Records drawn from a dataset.
■ ■ ■ ■

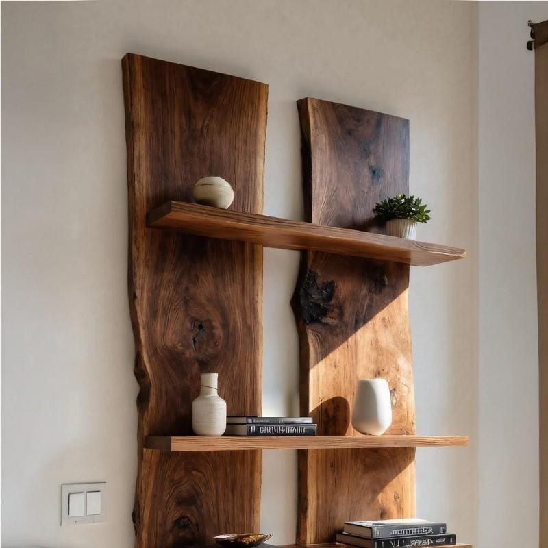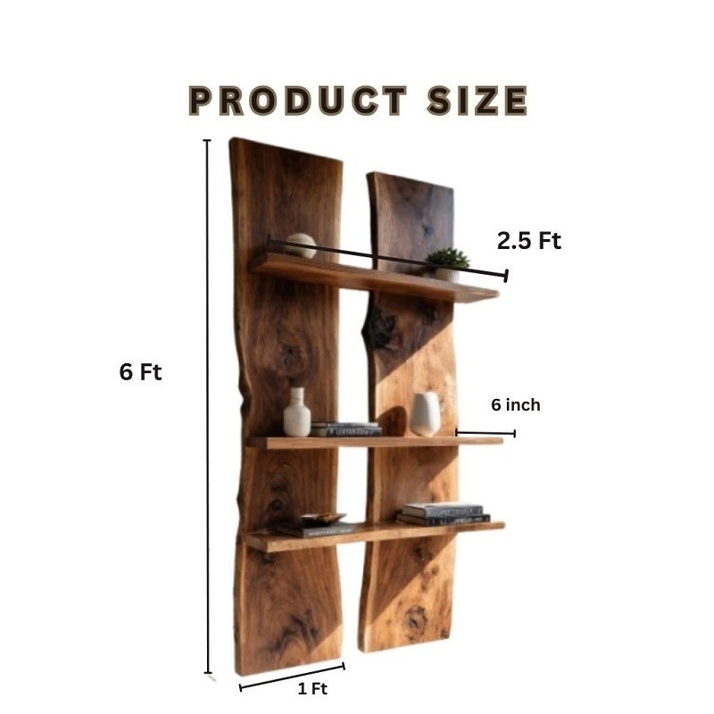 Elevate your interiors with the Rustic Live Edge Wall Shelf Panel Set – Solid Acacia Wood Floating Display Unit, a perfect blend of natural beauty and functional design. This rustic live edge wall shelf is handcrafted from premium acacia wood, showcasing rich grain patterns and organic edges that make every piece unique. Designed as a live edge wall shelf panel set, it combines vertical slabs with floating shelves to create a striking statement wall shelf for modern and rustic spaces alike.
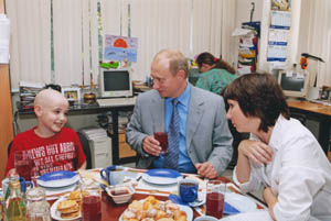 А вот вам еще одна такая история. Жил в Калужской области мальчик по имени Дима Рогачев. И вот однажды он заболел. Врачи из Калуги поставили диагноз – лейкоз. И сказали, что надо ехать в Москву, потому что в Калуге такое не лечат. Дима не хотел ехать и согласился только на том условии, что в Москве ему удастся поесть блинов с Путиным.
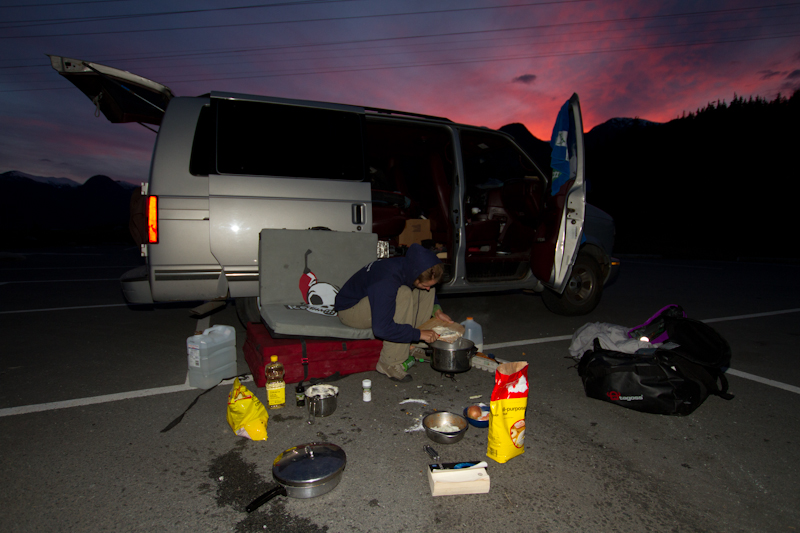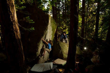 Am nächsten Morgen entscheiden wir uns Routenklettern zu gehen. 25km weiter im Norden ist der Cheakamus Canyon. Unser Auto ist super Geländegängig, wir schaffen es durch einen halben Meter tiefe Schlaglöcher bis zum Fels vorzufahren und müssen daher nicht allzuweit laufen. Recht slopriger, bachgestein Granit erwartet uns. Die Routen an der Forgotten Wall sind teilweise leider etwas größenabhängig, was Katinka in „The Incredible Journey“, 5.12a (UIAA 8+) feststellen muß. Die eigentliche Route taugt ihr recht gut nur die letzten zwei vier Meter, die eigentlich nicht mehr schwer sind muss sie durch einen knallharten Boulder ersetzen, da sie einfach nicht wie ich an den nächsten Griff reichen kann. Ich selber klettere noch „Sudden Impact“, 5.12c (UIAA 9-) im zweiten Versuch, onsighten ist hier ziemlich hart, da die Routen recht tricky sind und die Griffe immer etwas versteckt sind.
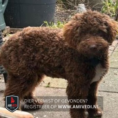 | Signalement | Italiaanse waterhond bruin met witte bef en witte voetjes voorpoten. |
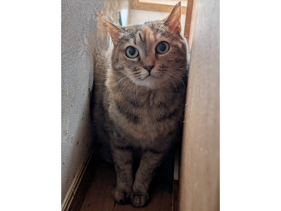 ちょっと怖がり。お魚大好き。隠れてばかりでしたが、すんなり撫でさせてくれるようになりました。撫でるのをやめると手を出してもっと…と催促します。抱っこは苦手。
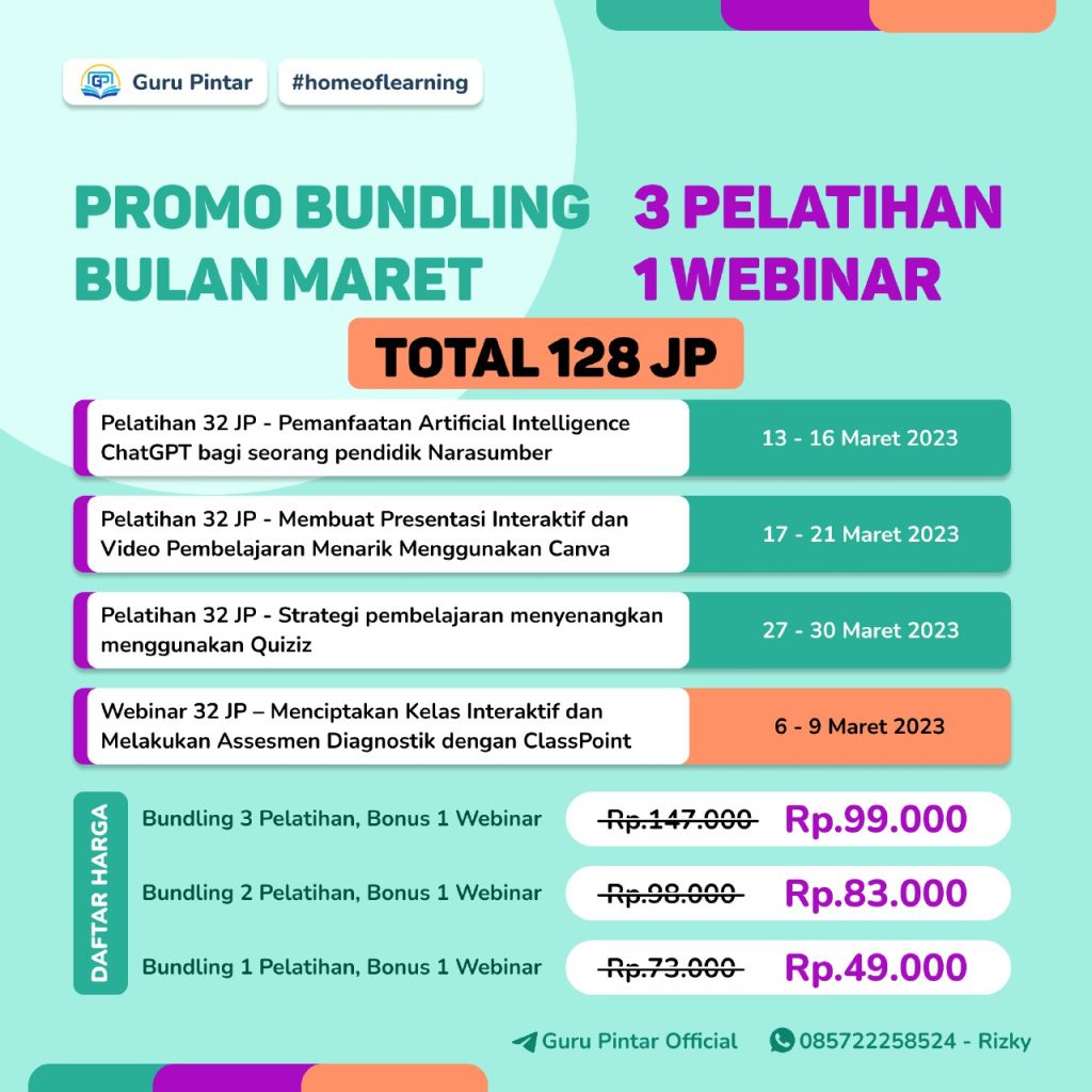 Untuk pemahaman lebih dalam mengenai penggunaan Classpoint ikuti serangkaian pelatihan yang diadakan oleh Guru Pintar Official pada bulan maret berikut ini :

■ ■ ■ ■

WHAT THE EXERCISE ASKS. The records need to be restated word for word, minus any images.

TASK RESULT.
 Elevate your interiors with the Rustic Live Edge Wall Shelf Panel Set – Solid Acacia Wood Floating Display Unit, a perfect blend of natural beauty and functional design. This rustic live edge wall shelf is handcrafted from premium acacia wood, showcasing rich grain patterns and organic edges that make every piece unique. Designed as a live edge wall shelf panel set, it combines vertical slabs with floating shelves to create a striking statement wall shelf for modern and rustic spaces alike.
 А вот вам еще одна такая история. Жил в Калужской области мальчик по имени Дима Рогачев. И вот однажды он заболел. Врачи из Калуги поставили диагноз – лейкоз. И сказали, что надо ехать в Москву, потому что в Калуге такое не лечат. Дима не хотел ехать и согласился только на том условии, что в Москве ему удастся поесть блинов с Путиным.
 Am nächsten Morgen entscheiden wir uns Routenklettern zu gehen. 25km weiter im Norden ist der Cheakamus Canyon. Unser Auto ist super Geländegängig, wir schaffen es durch einen halben Meter tiefe Schlaglöcher bis zum Fels vorzufahren und müssen daher nicht allzuweit laufen. Recht slopriger, bachgestein Granit erwartet uns. Die Routen an der Forgotten Wall sind teilweise leider etwas größenabhängig, was Katinka in „The Incredible Journey“, 5.12a (UIAA 8+) feststellen muß. Die eigentliche Route taugt ihr recht gut nur die letzten zwei vier Meter, die eigentlich nicht mehr schwer sind muss sie durch einen knallharten Boulder ersetzen, da sie einfach nicht wie ich an den nächsten Griff reichen kann. Ich selber klettere noch „Sudden Impact“, 5.12c (UIAA 9-) im zweiten Versuch, onsighten ist hier ziemlich hart, da die Routen recht tricky sind und die Griffe immer etwas versteckt sind.
 | Signalement | Italiaanse waterhond bruin met witte bef en witte voetjes voorpoten. |
 ちょっと怖がり。お魚大好き。隠れてばかりでしたが、すんなり撫でさせてくれるようになりました。撫でるのをやめると手を出してもっと…と催促します。抱っこは苦手。
 Untuk pemahaman lebih dalam mengenai penggunaan Classpoint ikuti serangkaian pelatihan yang diadakan oleh Guru Pintar Official pada bulan maret berikut ini :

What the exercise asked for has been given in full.